Years ago many people could purchase LTC insurance in their 70’s.  Today, few of us can qualify health-wise to purchase a policy at that age.  A troubling knee, arthritis, a poor showing on a bone density test, blood sugar readings too high, the use of blood thinners like Warfarin, all can preclude us from purchasing such coverage today.

Many pundits still suggest it is silly to purchase LTC insurance before 65, but if you wait until that age many of us will find we are no longer eligible to purchase coverage.  40% of the people requiring LTC today are between 18 and 64 years of age.  The Health and Human Services Department of our federal government claims that 70% of us will need LTC.  www.LongTermCare.gov

Blood thinners like Warfarin are taken to prevent blood clots which lead to strokes.  If you are at risk, you may not be able to purchase LTC insurance.  Arthritis medications such as steroids almost always preclude obtaining coverage.   Severely underweight or overweight applicants are also declined.

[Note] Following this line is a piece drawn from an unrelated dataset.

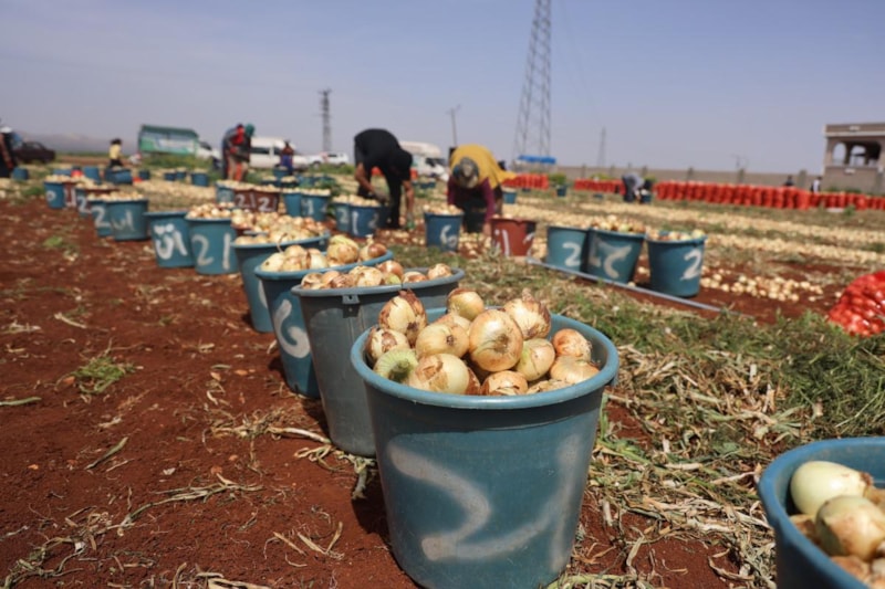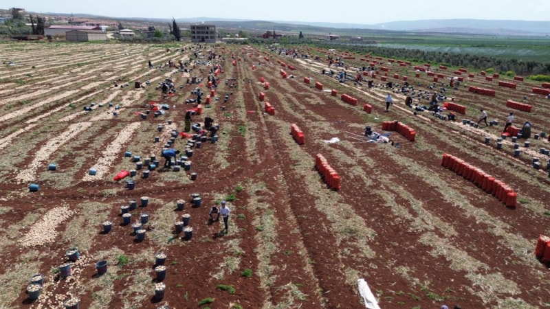 Burası Reyhanlı ilçesi Amik Ovası'ndayız. Amik Ovası ve Çukurova bölgesinde soğan hasadına başladık. Soğan hasatları daha tam başlamadan fiyatlarda değişiklikler başladı. Yetkililerden ihracat yollarını açık tutmalarını rica ediyoruz. Soğan hasadı Eylül ayına kadar devam edecek. Soğan hasadında tonajlarımız ve rekolte bu yıl iyi gidiyor. Bazı çeşitlerimizi de don vurdu ama genel olarak rekolte yüksek. Tarlada soğanın fiyatı 15 TL ile 20 TL iken marketlerde 25 TL ile 30 TL arasında değişiyor. Hasat çoğaldıkça fiyatlarda azalmalar görülebilir. Rusya pazarına soğanları gönderiyoruz. Rusya'ya soğan giderse ve fiyatı 10 TL'nin aşağısına düşmezse üretici üretime devam eder. 10 TL'nin aşağısına düşerse üretim yapacak kazanç elde edemez. Bütün çiftçilerimizin en büyük sorunu kuraklıktır. Her yıl Amik Ovası'na ortalama 700 kilogram yağmur yağarken bu yıl ise 100 kilogram yağdı. Bu durum da kuraklığa sebep oldu. Üreticimiz gece gündüz durmadan üretimi yaptı. Ülkemizin hizmetine soğanları sunuyoruz.

Basically, if you wish to purchase LTC insurance, you need to do so before health conditions that might someday lead to care are diagnosed.  It is very much like car insurance, you must buy it before the accident, not after.  If you decide to wait until you are 60 or 65 and find you are still in excellent health (using a walker or having diabetes is NOT excellent health) then you are lucky and can still purchase coverage.  However, you may be well advised to consider it while in your 40’s or early 50’s, before chronic conditions become known.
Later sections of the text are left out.